You shouldn’t rely only looking at your Firefox inspector, the cache-control you see from your side may be different than the one we receive from your Origin. (We respect two cache level, EDGE and Browser).

To be sure you don’t have any cache-control at your origin for error pages, you should direct your request to your direct Origin, bypassing Cloudflare.
A cache everything without cache-control and no EDGE cache TTL in a page rule = no cache.

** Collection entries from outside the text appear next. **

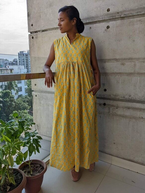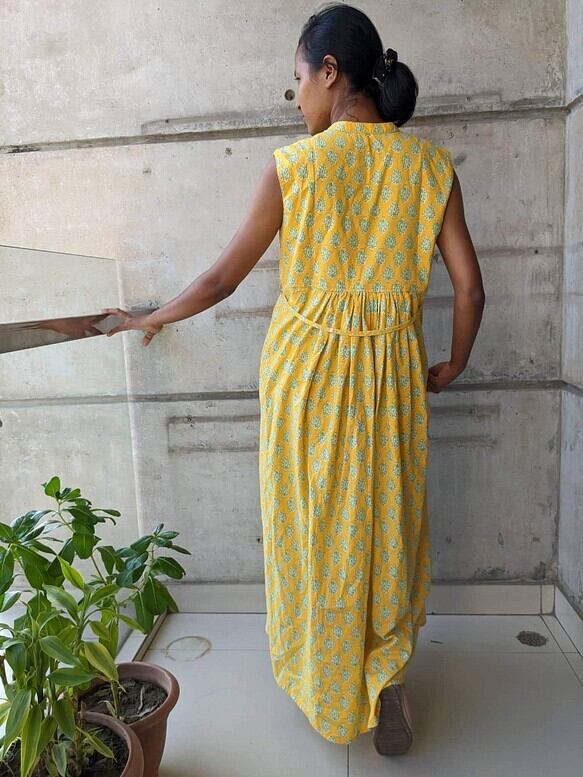 インド綿を使ったワンピースです。組み合わせる布の在庫の関係から1〜2着くらいの限定となります。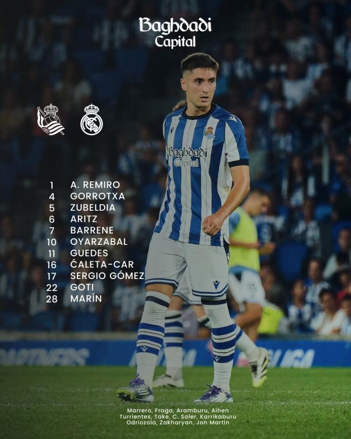 皇家社会首发:1-雷米罗、17-塞尔希奥-戈麦斯、6-埃卢斯通多、5-苏贝尔迪亚、16-卡莱塔-卡尔、4-戈罗恰特吉、22-戈蒂、7-巴雷内切亚、28-巴勃罗-马林、10-奥亚萨瓦尔、11-贡萨洛-格德斯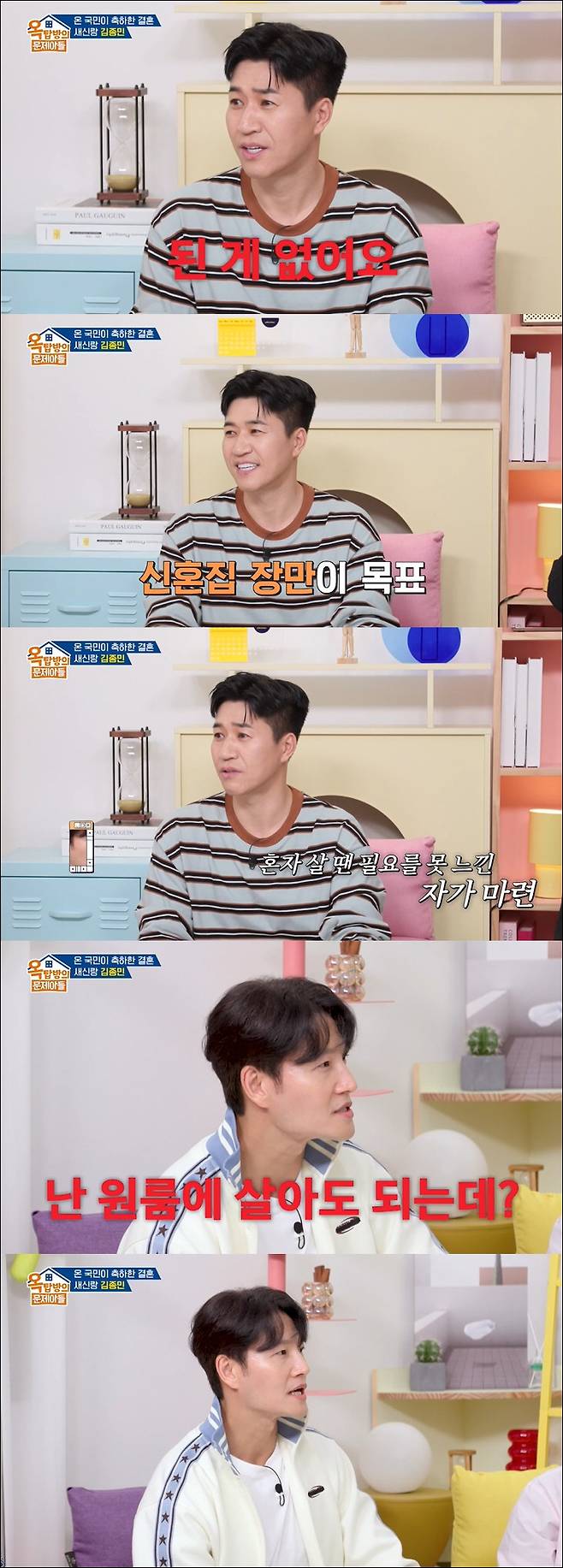 결혼 후에는 수익을 서로 공개하고 투자도 상의를 한다고. 김종민 부부의 현재 목표는 신혼집 장만이었다. 이에 김숙은 "30년 가까이 했는데 집을 한번도 안 샀냐"고 놀랐고 김종민은 "관심이 없었다"고 밝혔다. 이에 공감한 김종국은 "나도 그랬다. 집에 관심이 없었다. 원룸에 살아도 된다 싶었다"며 "난 재테크를 아예 안 했다. 저금만 했다. 아는 게 없어서 투자해서 돈을 버는 게 안 된다"고 밝혔다.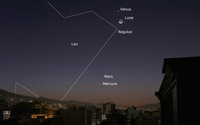 – A 13h27, elle est conjointe à Regulus dans le plan écliptique, ∆ +0°12’ ; longitude (moyenne de la date) 150°4’46" - Régulus marque de nos jours, l’entrée dans le signe de la Vierge. Aujourd’hui, elle se lève aux environs de 3h35, 25 minutes après la Lune.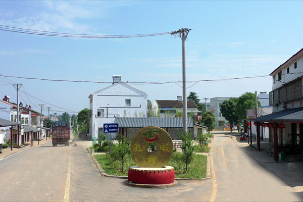 为了突出花鼓戏文化,村里还利用废弃水塔结合花鼓戏特色修建了标志性景观——水塔大鼓,在村文化广场前制作了以鼓和铜币为元素的孔畈村标。

With the “Origin cache-control” we extend the cache to strictly respect your cache-control configuration no matter what’s the extension: https://support.cloudflare.com/hc/en-us/articles/200172516-Which-file-extensions-does-Cloudflare-cache-for-static-content-

Without the name of your domain and a specific URL, I won’t be able to confirm you if whether or not we’ll cache your pages.


#9

A 403 will be cached for up to 5 minutes. If your host is routinely generating 403 forbidden errors, uh …I can’t think of why that would happen intermittently.


#10

@stephane

Please view this url for a 403 page. “Cache Everything” page rule is currently disabled.

https://www.celebrityhealthcritic.com/wp-content/

@cscharff

403 will be generated for security reasons, e.g., restricting access to bad bots in htaccess


#11

After pausing Cloudflare I get the following response header. I don’t know what else i can do except checking in Firefox? But it still doesn’t show a cache header, yet enabling “origin cache control” causes the cache to be bypassed for some reason. Maybe there is a hidden header here i’m not seeing?

403 With Cloudflare paused

403%20cloudflare%20paused


#12

Now you have the domain and the picture of the response header from direct connection to origin, bypassing Cloudflare, are you able to confirm this? Thanks


#13

Hey,

So for this URL (https://www.celebrityhealthcritic.com/wp-content/), no cache-control header is sent to us so we don’t cache it by default, that’s why you don’t see the cache-status: HIT.

This will be the same with the activation of the “Origin Cache-control” page rule since we’re explicitly looking at this header to take the decision of whether or not to cache the Asset.

For having this page cached, you’ll need either:

  • Cache Everything + specific EDGE TTL page rule
  • Origin Cache control page rule and see with your provider to set a cache-control header we can respect

#14

@stephane

Thank you for your help and clarification, much appreciated!


#15

This topic was automatically closed after 14 days. New replies are no longer allowed.